Показ жизни плутов становится как бы отдыхом, вроде присутствия при карточной игре. Читательский интерес переходит не к счастливой, но условной развязке, а к показу обычной и бесчеловечной жизни [100].
Позиция плута (на которую Шкловский, по-видимому, проецирует и собственную биографию) предполагает в этой характеристике не только невовлеченность. Неучастие в преступлении в сочетании с острой наблюдательностью плута и производит эффект репрезентации в квадрате, доставляющей эстетическое удовольствие и развлечение не только участникам, но и зрителям. Более того, даже такой важнейший фактор гиперперформативности, как плутовская мимикрия, — это тоже проявление трикстерской рефлексивности — ведь социальные роли, которые плут имитирует, сами по себе являются масками, личинами, а не лицами. Именно эта оксюморонная комбинация характеристик (невовлеченность + гиперперформативность) и обеспечивает алиби плута: его неучастие в преступлениях «обычной и бесчеловечной жизни», его роль бесстрастного свидетеля.
Авантюрист и самозванец
Плутовская версия трикстерского мифа, в свою очередь, порождает новые вариации, которые, как правило, гипертрофируют какой-то один или несколько аспектов мифа пикаро. Так, одним из вариантов плута является авантюрист, представленный как литературными персонажами, так и многочисленными историческими фигурами XVIII–XX веков. Например, Александр Строев в выразительном очерке авантюристов Просвещения создает такой обобщенный образ этого культурно-исторического амплуа:
Для него приключения — вернейший путь к преуспеянию. Всегда и везде он посторонний, он «всеми принят, изгнан отовсюду». Рыцарь удачи не может и не хочет делать карьеру проторенными путями, как то положено дипломату, финансисту, военному или судейскому чиновнику. Он как бы аккумулирует энергию, которая не находит применения в стабильном, неменяющемся обществе. Он — паразит, необходимый для хорошего функционирования социального механизма, он — смазка, помогающая вертеться колесам государственной машины. Авантюрист служит посредником между странами, культурами и социальными слоями, между жизнью и смертью, между нашим и потусторонним, подземным миром, между мужским и женским началом, между искусством и реальностью [101].
Здесь узнаются такие традиционные черты мифа трикстера, как амбивалентность и трансгрессивность, в сочетании с лиминальностью («Всегда и везде он „всеми принят, изгнан отовсюду“») и качествами медиатора. Подобно пикаро, авантюрист «повсюду чужой» и постоянно жонглирует социальными ролями и положениями:
Пересечение границы волшебным образом делает человека знатным, простолюдин превращается в графа, подобно Казанове, Сен-Жермену, С. Занновичу, Калиостро, или в принца, как Тревогин, Карл Иванов и др. <…> Но колесо Фортуны поворачивается, мода кончается, и авантюрист забыт, если не изгнан и не арестован. <…> И всякий раз он начинает жизнь сначала. Эта логика судьбы как бесконечного цикла взлетов и падений, временных смертей и все новых возрождений действует в плутовском и в приключенческом романе и в реальной жизни (22–24).

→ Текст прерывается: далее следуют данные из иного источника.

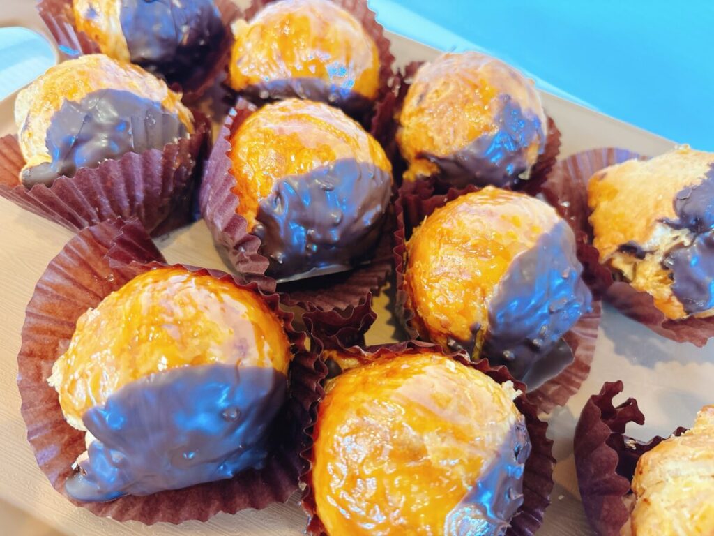 秋は「くりくり坊主」が食べたくなります♥ 2025年10月26日 Filed under: スタッフのおすすめ カロメリア 栗がまるごと1個入ったマロンパイ★「くりくり坊主」栗の形に焼き上げました!1個食べたら満たされる~満足感がありますよ~ 栗がまるごと1個入っています★チョコでコーティングしたら見た目も栗に見えてくる~★秋のこの季節に是非どうぞ

Новоявленный Протей, он, как в сказке, в мгновение ока меняет свое обличье. Королю-чудотворцу достаточно произнести лишь слово, чтобы рыцарь Фортуны обернулся инженером-гидравликом, военным или финансистом, сочинил на ходу теорию налогов, как то проделывает Джакомо Казанова за время недолгой беседы с Фридрихом Великим (20).
Причем перформативные метаморфозы авантюрист претерпевает не только в социальном, но и в гендерном плане: к примеру, шевалье д’Эона «преподносит себя либо как офицера-драгуна в женском платье, заточенного в монастырь и принужденного заниматься вышиванием, либо как амазонку, деву-воительницу» (20). Авантюрист воспринимает социум как театральные подмостки и откровенно наслаждается игрой: «Его жизнь не только азартная, но и актерская игра; он комедиант и зритель в одном лице, во всех перипетиях он смотрит на себя со стороны и восхищается собой» (21).
Но есть у авантюриста по крайней мере два свойства, которые отделяют его от плута. Они тоже, в принципе, вписываются в парадигму трикстерского мифа, но их акцентированность определяет его специфику как трикстера. Во-первых, роль трикстера как медиатора или даже имитатора богов обретает у авантюриста черты особого мессианства. Оно часто выражается в том, что эти персонажи часто выдают себя за носителей магического знания, чародеев и врачевателей. Но не только — речь идет и о культурном, светском и даже просветительском мессианстве, предвосхищающем ницшеанского Заратустру:
Авантюрист — всегда мессия, пророк, он тот, кто нравится и вводит в соблазн, кого подсознательно ждут с нетерпением. Он равно притягивает мужчин и женщин. Потому внешность его не может быть ординарной: он поражает, притягивает взоры, он не остается незамеченным в обществе <…> Подчеркнем еще раз — сознание своей культурной миссии отличает авантюриста от заурядного плута. Он размышляет над своим поведением, анализирует подвиги своих собратьев, создает теорию восхождения на вершины жизни (19, 30).
Во-вторых, у авантюриста гипертрофированно развита — даже по сравнению с плутом — трикстерская власть над нарративом, которая является, по Строеву, главным оружием его мессианства:
Краснобай и графоман, он стремится обменять свои идеи или добытую им информацию на покровительство сильных мира сего, войти в доверие к просвещенному монарху, стать его секретарем, историографом, советником. Искатель приключений бомбардирует государя текстами: письмами, мемуарами, поэмами, проектами, он предлагает переписать его жизнь, превратить ее в произведение искусства, что он уже проделал со своей собственной. Перепробовав все ремесла, авантюрист возвращается к своему истинному призванию — производству, распространению и хранению текстов. Журналист, историк, мемуарист, издатель превращается в библиотекаря (30).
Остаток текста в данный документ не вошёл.